The response should contain all of the records, copied exactly, and none of the images.

BEGIN Provided material

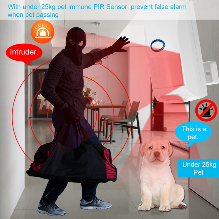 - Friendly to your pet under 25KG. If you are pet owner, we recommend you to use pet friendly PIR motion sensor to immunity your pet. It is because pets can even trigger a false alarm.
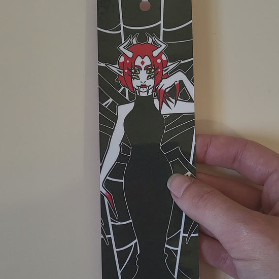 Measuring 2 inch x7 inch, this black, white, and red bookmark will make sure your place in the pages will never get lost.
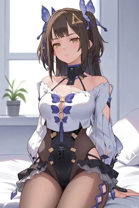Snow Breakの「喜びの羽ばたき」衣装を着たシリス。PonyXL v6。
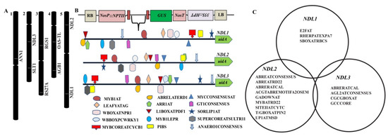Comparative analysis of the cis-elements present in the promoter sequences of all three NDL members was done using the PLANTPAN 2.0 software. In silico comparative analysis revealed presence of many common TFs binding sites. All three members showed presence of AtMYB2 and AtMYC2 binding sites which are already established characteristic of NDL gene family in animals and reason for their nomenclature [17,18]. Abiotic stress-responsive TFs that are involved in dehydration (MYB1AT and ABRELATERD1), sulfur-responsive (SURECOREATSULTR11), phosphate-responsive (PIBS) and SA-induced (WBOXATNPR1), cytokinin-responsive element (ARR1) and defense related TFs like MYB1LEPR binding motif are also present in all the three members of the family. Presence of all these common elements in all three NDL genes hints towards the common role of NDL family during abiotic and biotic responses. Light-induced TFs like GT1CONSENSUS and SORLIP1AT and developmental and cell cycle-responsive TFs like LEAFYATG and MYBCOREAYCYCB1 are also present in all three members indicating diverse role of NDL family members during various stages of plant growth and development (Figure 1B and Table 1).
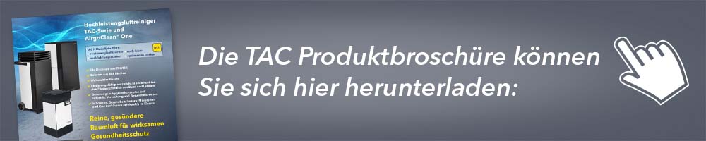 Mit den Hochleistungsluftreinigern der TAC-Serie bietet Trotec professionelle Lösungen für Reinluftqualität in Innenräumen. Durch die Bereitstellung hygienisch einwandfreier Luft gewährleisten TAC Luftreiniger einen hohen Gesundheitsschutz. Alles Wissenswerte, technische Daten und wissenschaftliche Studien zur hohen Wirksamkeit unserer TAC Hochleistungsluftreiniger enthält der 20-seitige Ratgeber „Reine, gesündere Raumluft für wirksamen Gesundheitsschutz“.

END Provided material

Response →
 - Friendly to your pet under 25KG. If you are pet owner, we recommend you to use pet friendly PIR motion sensor to immunity your pet. It is because pets can even trigger a false alarm.
 Measuring 2 inch x7 inch, this black, white, and red bookmark will make sure your place in the pages will never get lost.
Snow Breakの「喜びの羽ばたき」衣装を着たシリス。PonyXL v6。
Comparative analysis of the cis-elements present in the promoter sequences of all three NDL members was done using the PLANTPAN 2.0 software. In silico comparative analysis revealed presence of many common TFs binding sites. All three members showed presence of AtMYB2 and AtMYC2 binding sites which are already established characteristic of NDL gene family in animals and reason for their nomenclature [17,18]. Abiotic stress-responsive TFs that are involved in dehydration (MYB1AT and ABRELATERD1), sulfur-responsive (SURECOREATSULTR11), phosphate-responsive (PIBS) and SA-induced (WBOXATNPR1), cytokinin-responsive element (ARR1) and defense related TFs like MYB1LEPR binding motif are also present in all the three members of the family. Presence of all these common elements in all three NDL genes hints towards the common role of NDL family during abiotic and biotic responses. Light-induced TFs like GT1CONSENSUS and SORLIP1AT and developmental and cell cycle-responsive TFs like LEAFYATG and MYBCOREAYCYCB1 are also present in all three members indicating diverse role of NDL family members during various stages of plant growth and development (Figure 1B and Table 1).
 Mit den Hochleistungsluftreinigern der TAC-Serie bietet Trotec professionelle Lösungen für Reinluftqualität in Innenräumen. Durch die Bereitstellung hygienisch einwandfreier Luft gewährleisten TAC Luftreiniger einen hohen Gesundheitsschutz. Alles Wissenswerte, technische Daten und wissenschaftliche Studien zur hohen Wirksamkeit unserer TAC Hochleistungsluftreiniger enthält der 20-seitige Ratgeber „Reine, gesündere Raumluft für wirksamen Gesundheitsschutz“.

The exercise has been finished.